From In an Unspoken Voice (2010)
The Greek root for angst is descriptive, meaning to “press tight” or to strangle. As conveyed in Edward Munch’s iconic painting, The Scream, our entire physiology and psyche become precipitously constricted in anxious terror. While it may afford a last-ditch survival function, fear is the killer of life. Pi (in the book The Life of Pi) tells us about this Achilles heal: It is life’s only true opponent. Only fear can defeat life. It is a clever, treacherous adversary, how well I know. It has no decency, respects no law or convention, shows no mercy. It goes for your weakest spot, which it finds with unerring ease … Reason comes to do battle for you. You are reassured. Reason is fully equipped with the latest weapons of technology. But, to your amazement, despite superior tactics and a number of undeniable victories, reason is laid low. You feel yourself weakening, wavering. Your anxiety becomes dread. Fear turns fully to your body, which is already aware that something terribly wrong is going on. Already your lungs have flown away like a bird and your guts have slithered away like a snake. Now your tongue drops dead like an opossum, while your jaw begins to gallop on the spot. Your ears go deaf. Your muscles begin to shiver as if they had malaria and your knees to shake as though they were dancing. Your heart strains too hard, while your sphincter relaxes too much.

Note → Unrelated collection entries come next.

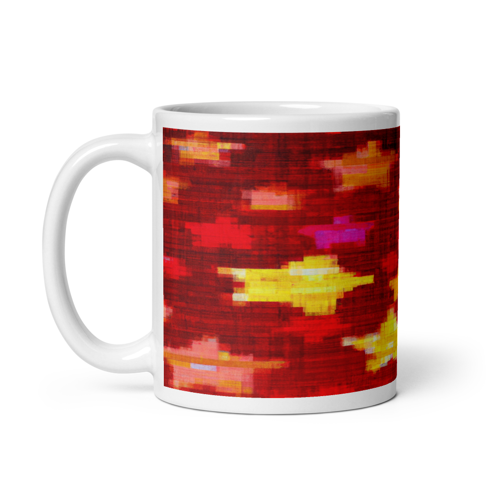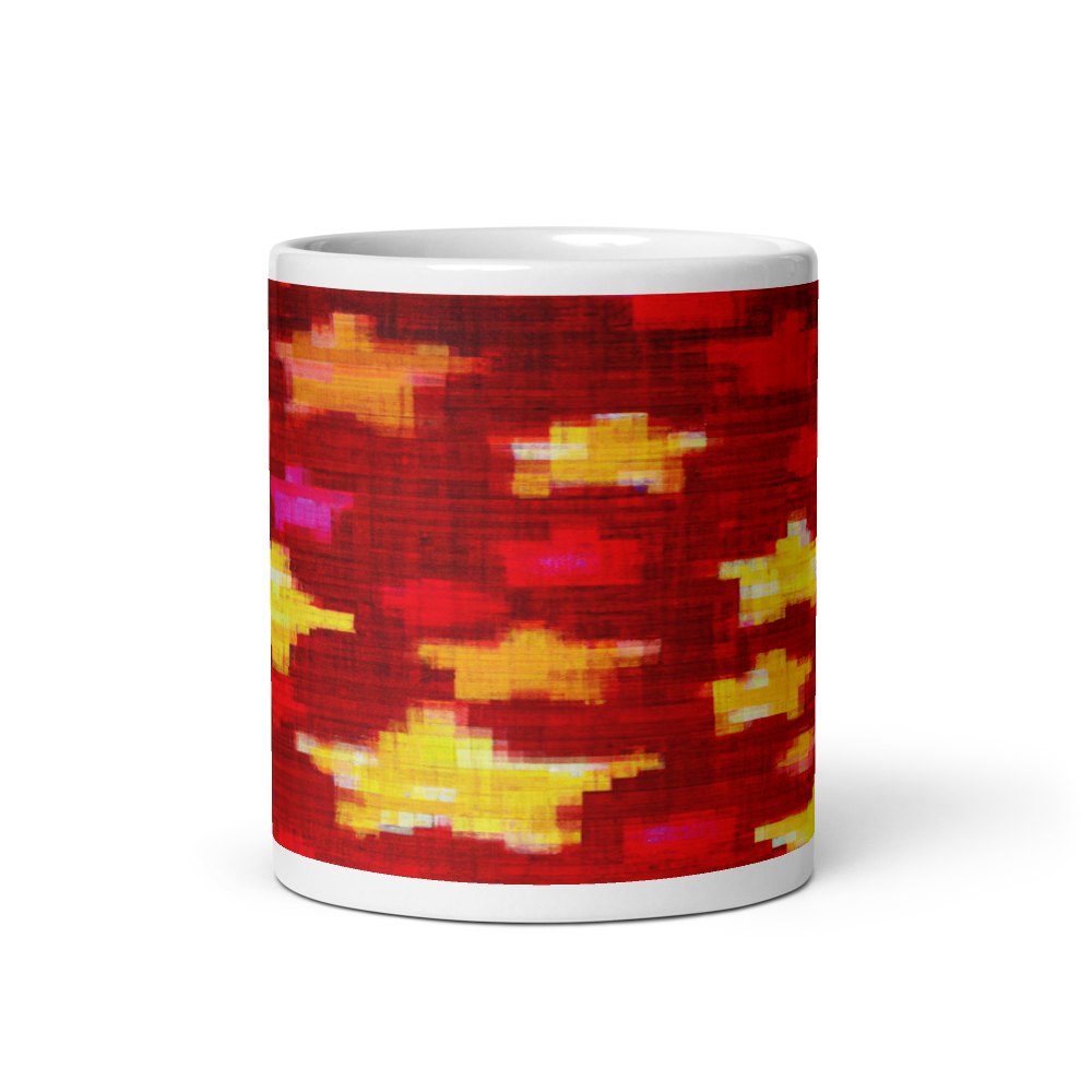 Elegant Christmas Stars Dot Art Ceramic 11oz Mug in Red and Gold Hues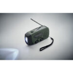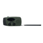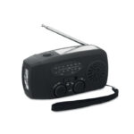 Portable AM/FM radio in ABS with LED Torch (2 settings) and a 1200mAh Power bank for emergency charging. Self powered by solar and hand crank.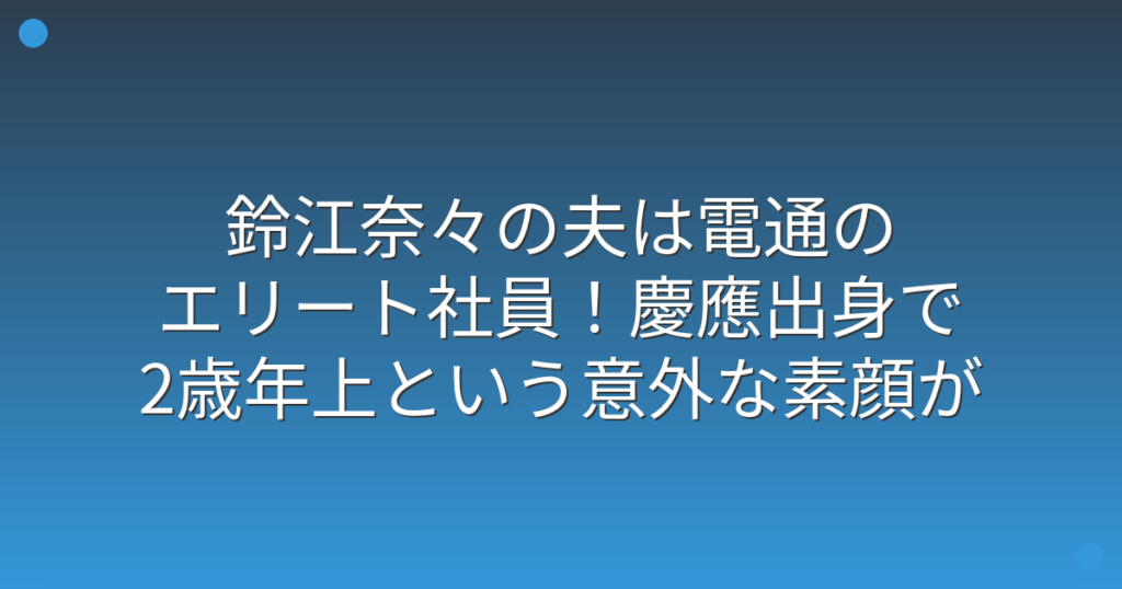 鈴江奈々の夫は電通のエリート社員!慶應出身で2歳年上という意外な素顔が判明!

And so with the rest of your body. Every part of you, in the manner most suited to it, falls apart. Only your eyes work well. They always pay proper attention to fear. [They are constantly on the prowl for more objects of fear.] Recall the case story of Sharon (in Chapter 8). She was the woman who had the horrific experience of working on the eightieth floor of the World Trade Center on September 11, 2001. During her session I guided her to the experience of being led down the staircase by a Port Authority employee and encountering a locked door on the seventieth floor. Suddenly trapped and unable to complete the escape, her body became paralyzed with fear. In working through this experience, which reestablished her running reflexes, she opened her eyes (toward the end of our session), looked at me and said, “I thought it was fear that gets you through … but it’s not … It’s something more powerful, something much bigger than fear … It’s something that transcends fear.” And what a deep biological truth she reveals here.